For almost a century Tamil Nesan was unrelenting in giving a voice to one of the ethnic groups in Malaysia, the Indian/Tamil community, which makes up less than a tenth of the country’s population.
On Friday, 1 February 2019, the daily newspaper ceased operations after 94 years of publication, reportedly owing to financial difficulties.
The Center for Independent Journalism (CIJ) in Malaysia said they were “saddened by the closure of the country’s longest-running Tamil newspaper. With its closure, the Malaysian public will lose diversity in the media.
“While there is an important role for advertising in funding and helping to maintain news outlets, the closure of Tamil Nesan illustrates the importance of a media environment that supports sustainable and diverse media,” said CIJ in a statement released to SEAPA.
Differences of opinion notwithstanding, diverse voices, including those of ethnic groups, must be heard, and the media is in the best position to make that happen, said Tess Bacalla, executive director of the Southeast Asian Press Alliance (SEAPA). “A diverse media not only helps ensure that all voices are heard but that a culture of dialogue and constructive engagement across sectors of society is fostered,” she added. “These are vital to a healthy democracy, especially in a multi-ethnic and culturally diverse country like Malaysia.”

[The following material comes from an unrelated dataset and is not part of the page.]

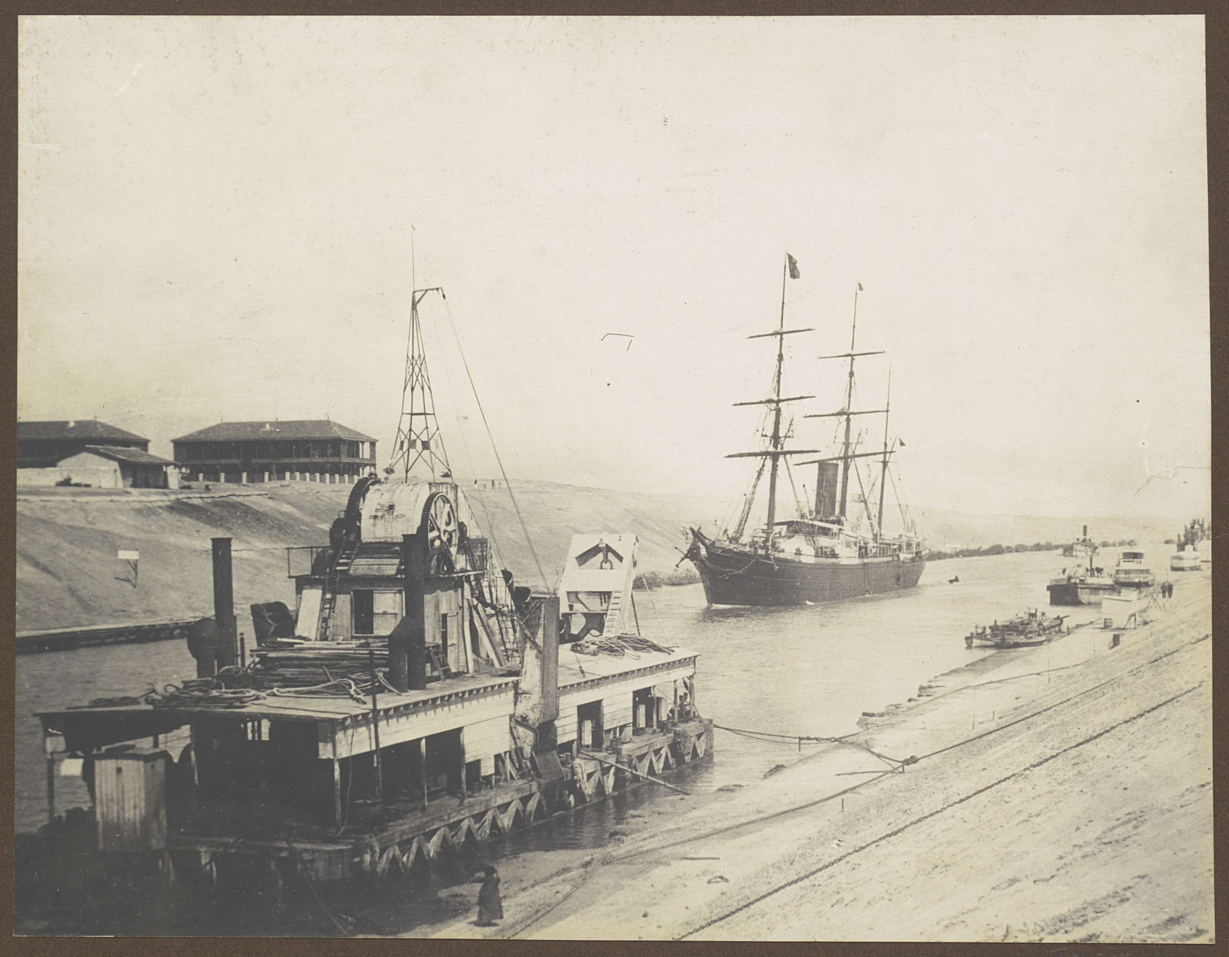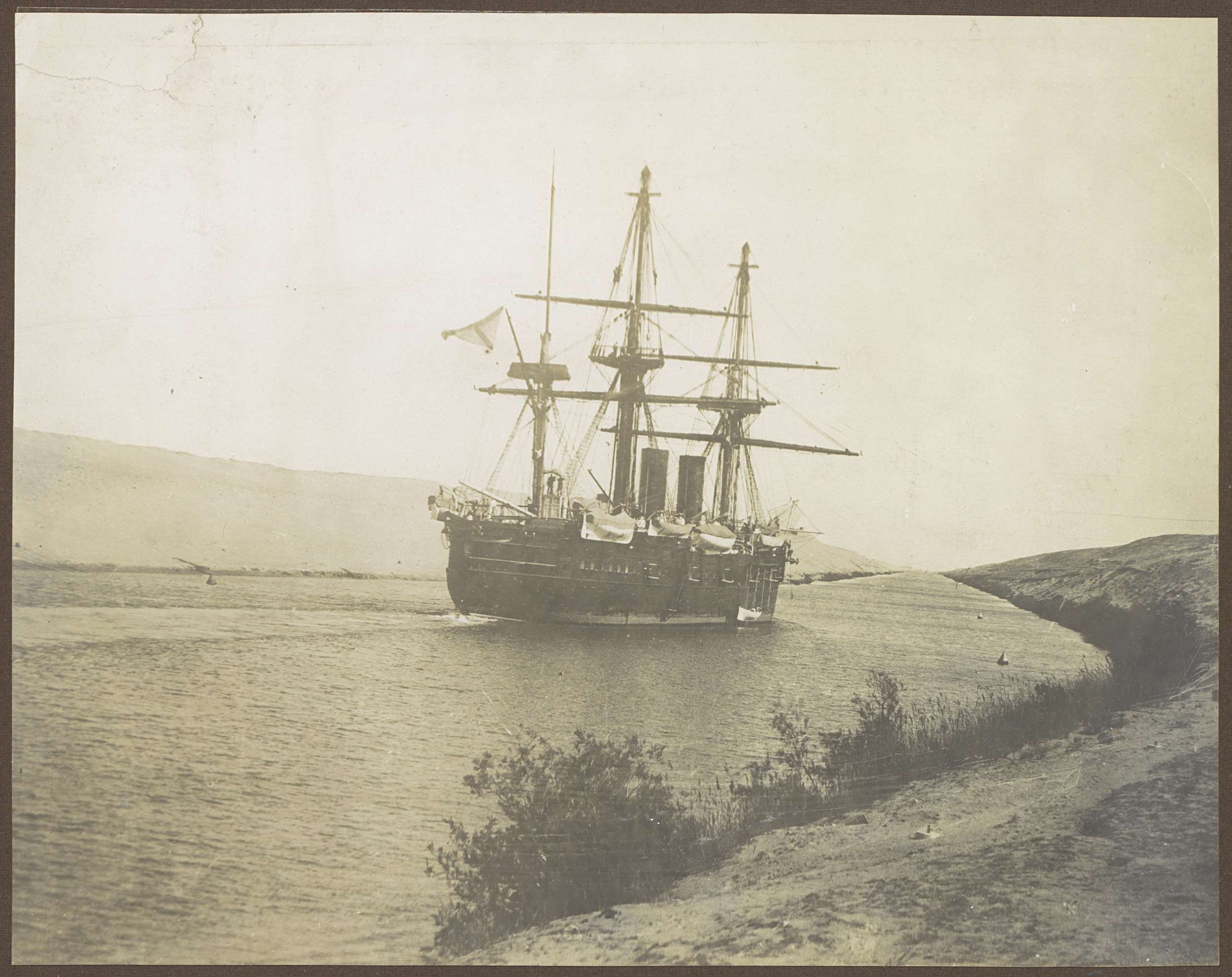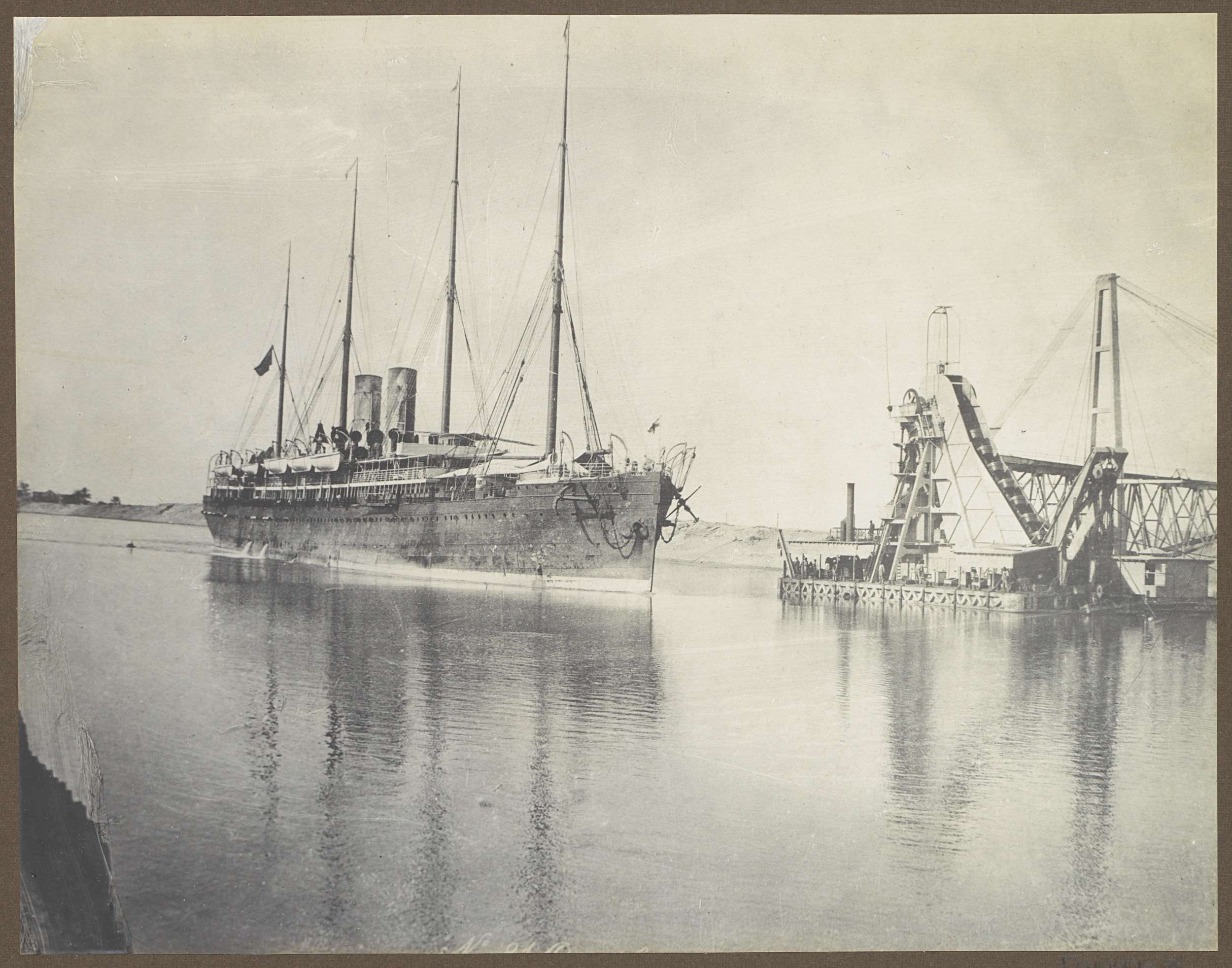 Schip op een water, vermoedelijk bij het Suezkanaal

Malays comprise half of the Malaysian people, followed by Chinese, with less than a quarter of the population.
The demise of the Tamil daily also highlights the need to support community media to ensure their sustainability.
“CIJ supports the development of an independent funding mechanism. Such a mechanism could be used to support community media, to award grants to small-scale independent and non-profit media organizations or content providers, and ensure that minority audiences, particularly those who are economically marginalized, are able to receive high-quality, independent news.”
Established in 1924, the daily newspaper was the oldest Tamil publication in the country, with approximately 20,000 copies sold daily, according to its Facebook page. Prior to the closure, 45 workers had been issued termination letters.
A report by Malaysiakini said the newspaper, owned by the family of former Malaysia Indian Congress (MIC) president S Samy Vellu, had “faced financial problems for the past 10 years.”